We need to class balance the valid set by Downsampling the larger class to match the smaller one.

In [57]:
def df_to_json(df, json_path, shuffle=True, balance_classes=False, seed=42):
    if balance_classes:
        # Split into PD and HC
        pd_df = df[df['label'] == 'PD']
        hc_df = df[df['label'] == 'HC']

        # Find the smaller class size
        min_size = min(len(pd_df), len(hc_df))

        # Downsample both classes
        pd_df = pd_df.sample(n=min_size, random_state=seed)
        hc_df = hc_df.sample(n=min_size, random_state=seed)

        # Combine and shuffle
        df = pd.concat([pd_df, hc_df], axis=0)
    
    if shuffle:
        df = df.sample(frac=1, random_state=seed).reset_index(drop=True)
    data = {}
    for _, row in df.iterrows():
        utt_id = os.path.splitext(row['filename'])[0]  # unique id
        # Getting info
        audioinfo = torchaudio.info(row['full_path'])
        # Compute the duration in seconds.
        # This is the number of samples divided by the sampling frequency
        duration = audioinfo.num_frames / audioinfo.sample_rate
        
        data[utt_id] = {
            "path": row['full_path'],
            "spk_id": row['speaker_id'],
            "length": duration,
            "detection": row['label']
        }
    with open(json_path, "w") as f:
        json.dump(data, f, indent=4)
        

In [15]:

df_to_json(train_df, "train.json", shuffle=True, balance_classes=False, seed=seed_value)
df_to_json(valid_df, "valid.json", shuffle=True, balance_classes=True, seed=seed_value)
df_to_json(test_df, "test.json", shuffle=True, balance_classes=False, seed=seed_value)  # usually test is untouched


In [16]:

print("train:-")
plot_class_balance("train.json")
print("valid:-")
plot_class_balance("valid.json")
print("test:-")
plot_class_balance("test.json")


train:-
PD: 325 samples
HC: 324 samples
valid:-
PD: 32 samples
HC: 32 samples
test:-
HC: 38 samples
PD: 48 samples


#### sanity check : to show that there is not overlap betweeen train and test
(1) Compare by Audio Paths (Most Reliable)

In [52]:


def load_paths(json_path):
    with open(json_path, "r") as f:
        data = json.load(f)
    return set(ex["path"] for ex in data.values())

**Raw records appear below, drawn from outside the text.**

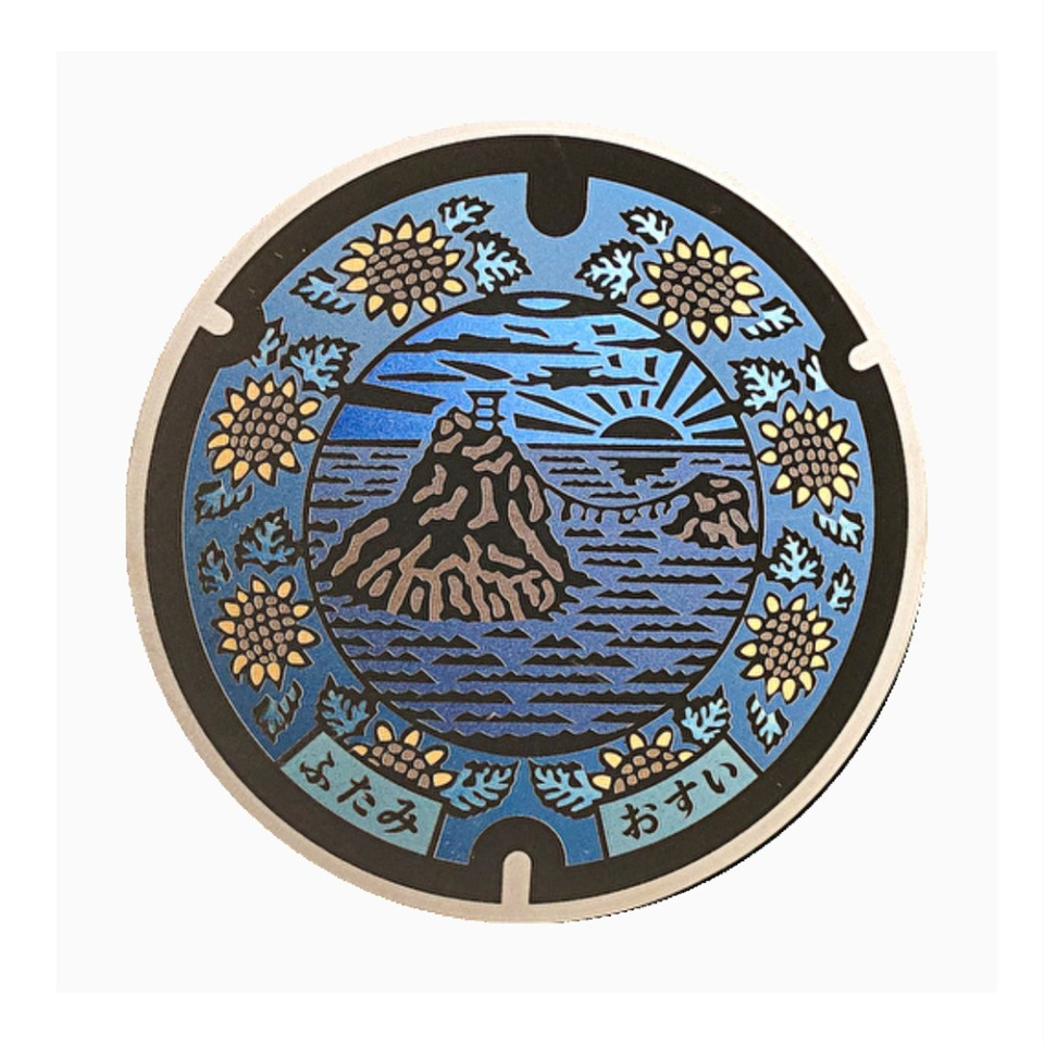 中央に描かれた二見興玉神社の「夫婦岩」は男岩と女岩が大注連縄で太く堅く結ばれているため縁結びのシンボルとして有名です。夫婦岩の間からは10月から1月の満月の頃に月の出も拝むことができます。周囲に配された向日葵は旧二見町の花です。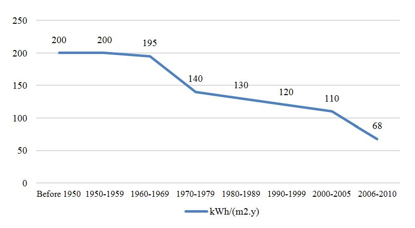 Chart 3. Average final consumption levels for heating (kWh/(m2.year)) of single-family homes by year of construction in Portugal [24].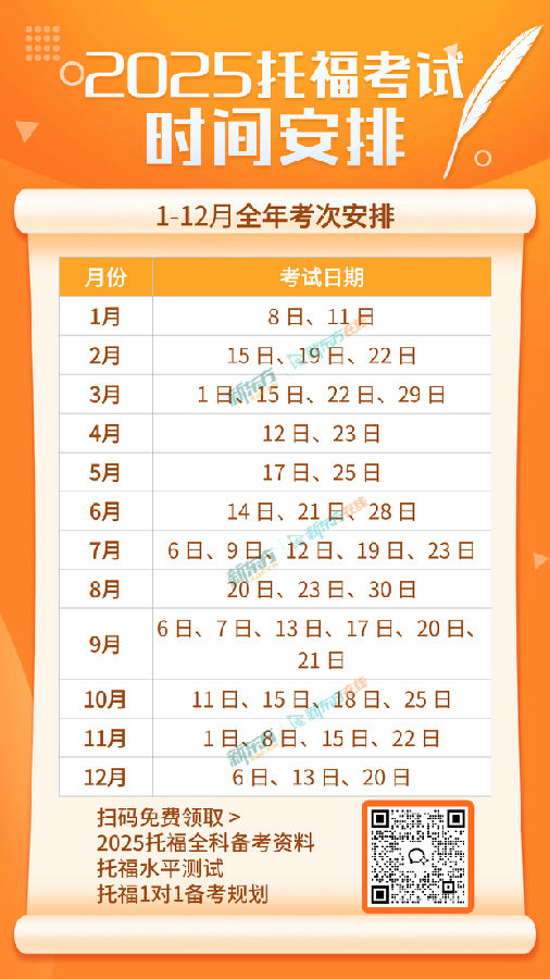 一、引言在广大考生的翘首以盼中,2025 年托福考试时间表终于重磅出炉!这是每一位托福考生都密切关注的重要信息,关乎着大家的备考计划与留学梦想的实现。接下来,就为大家...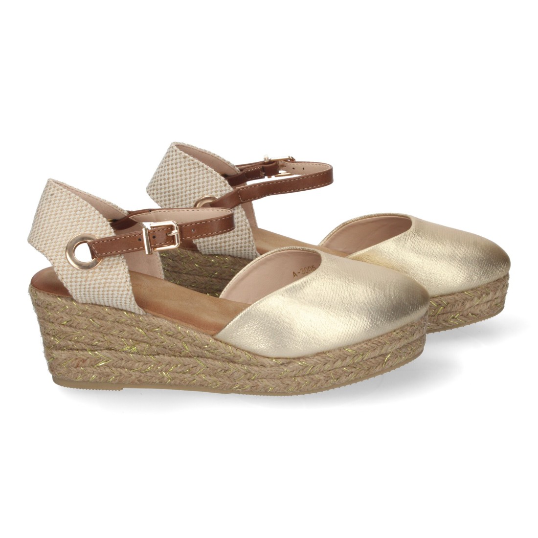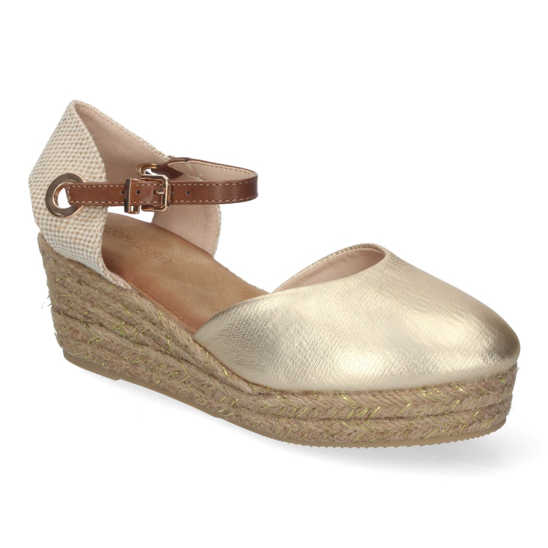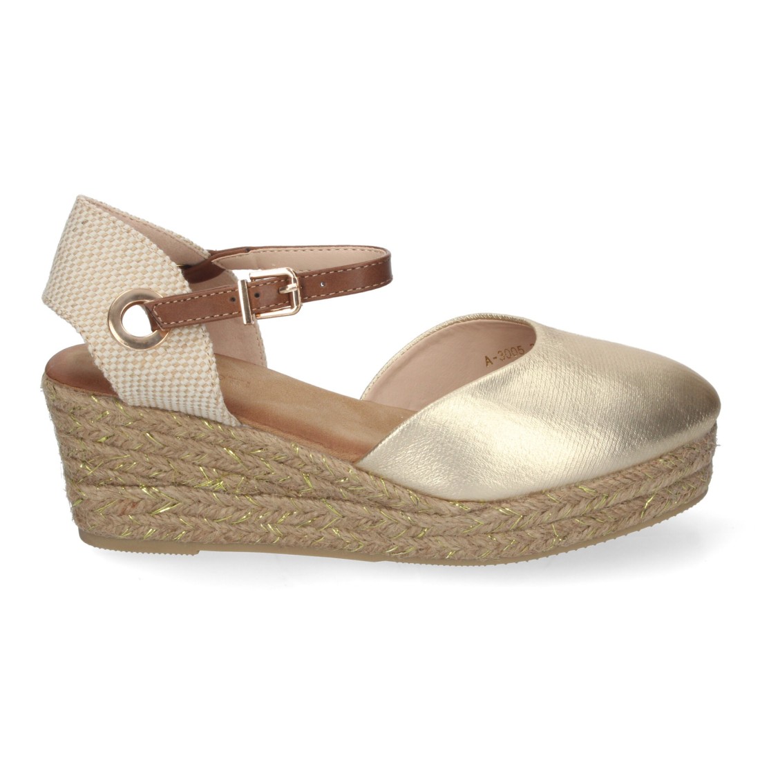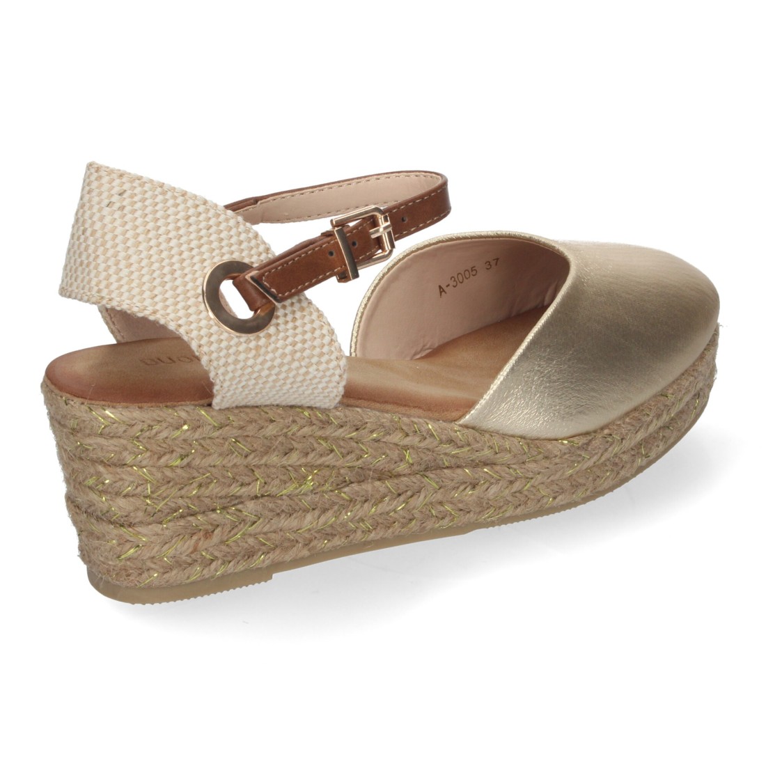 Sandalia de Cuña de Yute para Mujer, Cómodas y Elegantes, Pala Cerrada, Yute con Adornos Brillantes y Cierre de Hebilla Ajustable.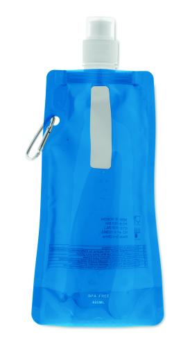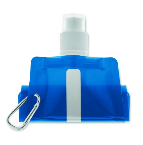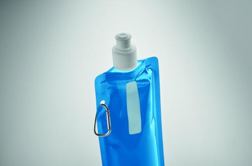 Foldable water bottle in PET which is BPA free with aluminium carabiner. Capacity 480 ml. Leak free.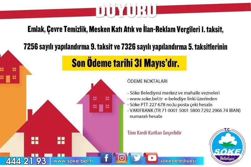 Yapılan ilanda; “7326 sayılı kanuna istinaden gerçekleştirilen yapılandırmaların 5. Taksit ödemeleri, 7256 sayılı kanuna istinaden gerçekleştirilen yapılandırmaların 9. Taksit ödemeleri ve 2022 yılı 1. Taksit ödemelerinin son tarihi 31 Mayıs 2022 Salı’dır. Emlak, Çevre Temizlik, Mesken Katı Atık ve İlan-Reklam vergi ödemeleri Söke Belediyesi’nin merkez ve mahalle veznelerinden yapılabileceği gibi www.soke.bel.tr internet adresi E-Belediye linki üzerinden, banka ve posta hesaplarına yapılabilmektedir” denildi.

def load_speakers(json_path):
    with open(json_path, "r") as f:
        data = json.load(f)
    return set(ex["spk_id"] for ex in data.values())



In [17]:

train_paths = load_paths("train.json")
valid_paths = load_paths("valid.json")
test_paths = load_paths("test.json")

overlap = train_paths.intersection(test_paths)
print(f"\n Number of overlapping audio files between train and test: {len(overlap)}")
if overlap:
    print("Some overlapping files:")
    for p in list(overlap)[:10]:  # show first 10
        print("-", p)

overlap = train_paths.intersection(valid_paths)
print(f"\n Number of overlapping audio files between train and valid: {len(overlap)}")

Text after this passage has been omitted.